Desde el punto de vista del consumo, nos cuenta León, “desafortunadamente en la medida que nos alejamos del punto crítico de la pandemia, podemos ver que los hábitos de los consumidores no han cambiado, [por lo que] las marcas y las tiendas tienen la necesidad de mover la mercancía de temporadas anteriores, lo que ha hacho que haya muchas ofertas [que promueven el consumo]”.

“La sosteniblidad —afirma— no es algo que está de moda, sino que es una necesidad. Urge que los industriales de la moda entiendan que es importante modificar los modelos de negocio para hacerlos sostenibles.
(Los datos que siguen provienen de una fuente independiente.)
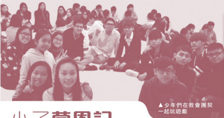
▲少年們在教會團契一起玩遊戲

這班高小學生很快便會升中學，進入另一個成長期，面對更多的挑戰，我們盼望能與教會一同牧養他們，幫助他們因早早認識那位道成肉身的主耶穌而擁有豐盛的人生。

También necesitamos que los diseñadores de México y del mundo levanten la voz y visibilicen las cifras oscuras de la moda, como cuántas personas mueren en las fábricas o cuánto ganan los obreros en países como China; cuántos litros de agua se desperdician para producir un solo jean o una camiseta blanca, etcétera”.

Todo este panorama deja claro que no podemos esperar a que las grandes marcas cambien sus objetivos de la noche a la mañana. Es necesario que, como consumidores, tomemos consciencia. Si antes de consumir o desechar una prenda, nos preguntamos “de dónde llegó esta ropa, cuál fue el proceso para producirla, cuánto ganó el obrero que cosió nuestra camiseta de 150 pesos, o cuánto ganó el obrero que hizo la tela”, podremos empezar a marcar la diferencia.

Hay además, dentro del mismo sector, alternativas cuyos objetivos no son expoliar recursos ni explotar trabajadores. Movimientos como el slow fashion –’moda lenta’, a diferencia de la fast fashion–, zero waste –’cero residuos’– o cradle to cradle –’de la cuna a la tumba’, en la que se diseña buscando crear la menor huella ecológica tomando en cuenta la producción, el transporte y la degradación de un producto–, y campañas como la de “Quién hizo mi ropa”, son buenas alternativas si nos decidimos por el consumo responsable.

Aquí te enumeramos algunas recomendaciones para empezar a consumir moda de manera consciente:

— Cuando adquieras un producto de moda, analiza qué prendas necesitas y reduce tu consumo.

— Busca piezas atemporales.

— Prioriza la calidad y no la cantidad.

— Infórmate sobre las condiciones de producción y los códigos de ética de las marcas que te gustan. Elige la moda ética y sostenible.

— Prefiere productos artesanales y marcas locales.